Task directions: With the pictures left out, restate exactly the part below that opens with the line containing "Яскрава пізнавальна книжечка" and closes with the line containing "Türk milletinin bağımsızlık".

Extracted data Start Marker

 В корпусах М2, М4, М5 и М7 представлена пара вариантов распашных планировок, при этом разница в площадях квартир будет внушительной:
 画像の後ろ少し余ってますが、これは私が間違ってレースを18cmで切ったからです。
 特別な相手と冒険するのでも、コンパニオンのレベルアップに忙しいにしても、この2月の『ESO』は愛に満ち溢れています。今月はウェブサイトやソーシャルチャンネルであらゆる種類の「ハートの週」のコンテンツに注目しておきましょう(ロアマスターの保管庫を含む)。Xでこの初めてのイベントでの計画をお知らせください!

Extracted data End Marker
Extracted data Start Marker

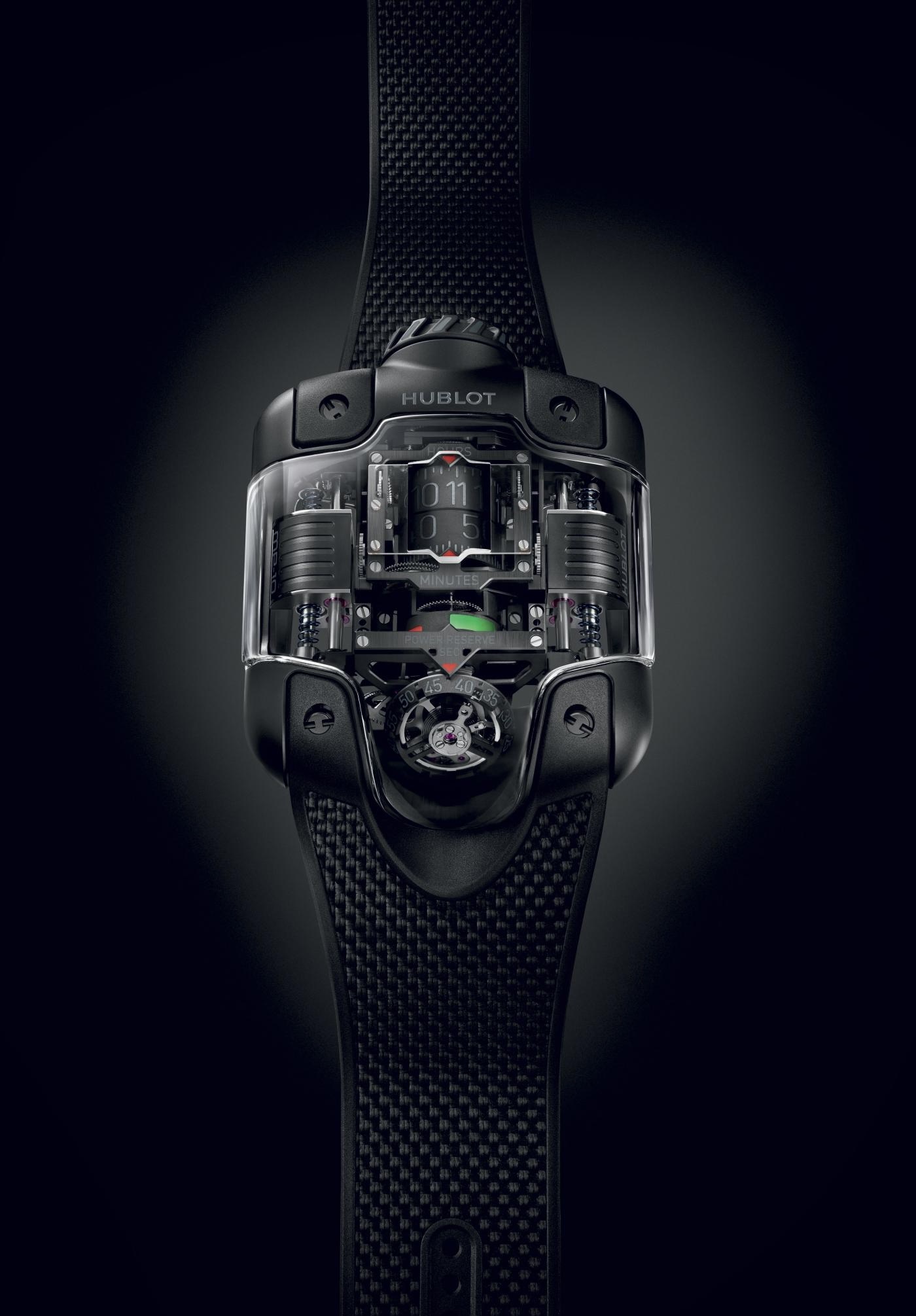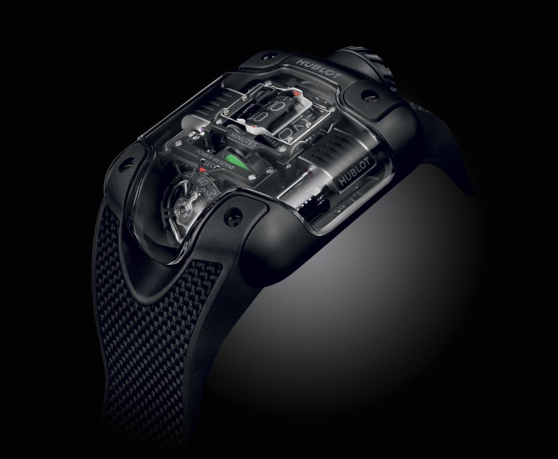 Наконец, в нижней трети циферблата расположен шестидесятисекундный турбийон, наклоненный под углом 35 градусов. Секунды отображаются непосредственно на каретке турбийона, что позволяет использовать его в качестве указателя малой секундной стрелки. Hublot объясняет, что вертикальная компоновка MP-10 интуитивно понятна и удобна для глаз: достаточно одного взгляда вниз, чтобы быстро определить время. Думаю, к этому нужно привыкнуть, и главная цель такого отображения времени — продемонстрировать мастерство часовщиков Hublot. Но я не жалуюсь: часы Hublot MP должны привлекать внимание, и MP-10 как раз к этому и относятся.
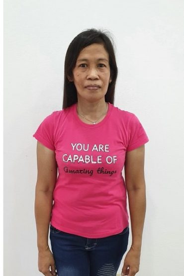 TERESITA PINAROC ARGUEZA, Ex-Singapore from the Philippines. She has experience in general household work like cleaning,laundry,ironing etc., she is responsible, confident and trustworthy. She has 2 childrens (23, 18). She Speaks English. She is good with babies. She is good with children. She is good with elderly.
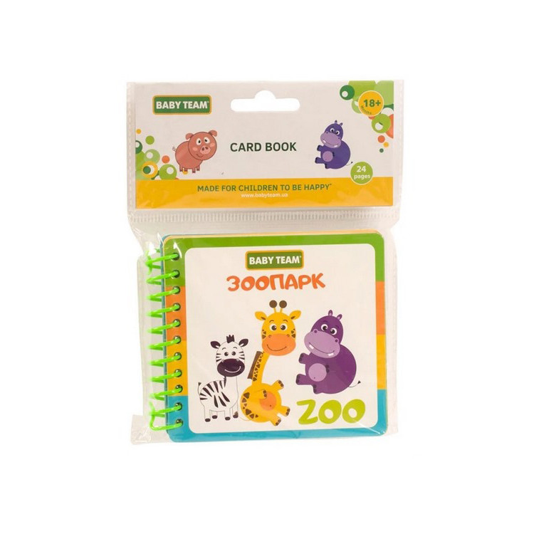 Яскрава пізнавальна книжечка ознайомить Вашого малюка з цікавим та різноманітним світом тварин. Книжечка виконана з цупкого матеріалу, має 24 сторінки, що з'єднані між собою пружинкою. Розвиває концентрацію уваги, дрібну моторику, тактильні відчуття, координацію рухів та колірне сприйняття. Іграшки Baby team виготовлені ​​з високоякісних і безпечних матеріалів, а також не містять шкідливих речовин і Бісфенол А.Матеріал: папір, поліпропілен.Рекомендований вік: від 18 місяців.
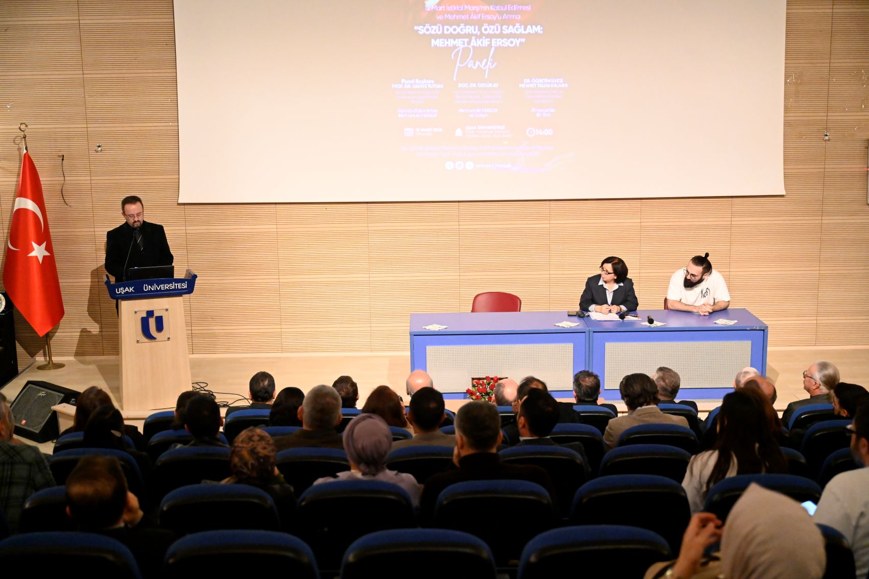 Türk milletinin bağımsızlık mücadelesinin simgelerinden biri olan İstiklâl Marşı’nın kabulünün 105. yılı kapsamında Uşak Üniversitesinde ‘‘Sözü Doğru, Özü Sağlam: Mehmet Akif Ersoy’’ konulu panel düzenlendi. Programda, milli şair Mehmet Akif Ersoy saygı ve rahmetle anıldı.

Extracted data End Marker

Solution below:
 Яскрава пізнавальна книжечка ознайомить Вашого малюка з цікавим та різноманітним світом тварин. Книжечка виконана з цупкого матеріалу, має 24 сторінки, що з'єднані між собою пружинкою. Розвиває концентрацію уваги, дрібну моторику, тактильні відчуття, координацію рухів та колірне сприйняття. Іграшки Baby team виготовлені ​​з високоякісних і безпечних матеріалів, а також не містять шкідливих речовин і Бісфенол А.Матеріал: папір, поліпропілен.Рекомендований вік: від 18 місяців.
 Türk milletinin bağımsızlık mücadelesinin simgelerinden biri olan İstiklâl Marşı’nın kabulünün 105. yılı kapsamında Uşak Üniversitesinde ‘‘Sözü Doğru, Özü Sağlam: Mehmet Akif Ersoy’’ konulu panel düzenlendi. Programda, milli şair Mehmet Akif Ersoy saygı ve rahmetle anıldı.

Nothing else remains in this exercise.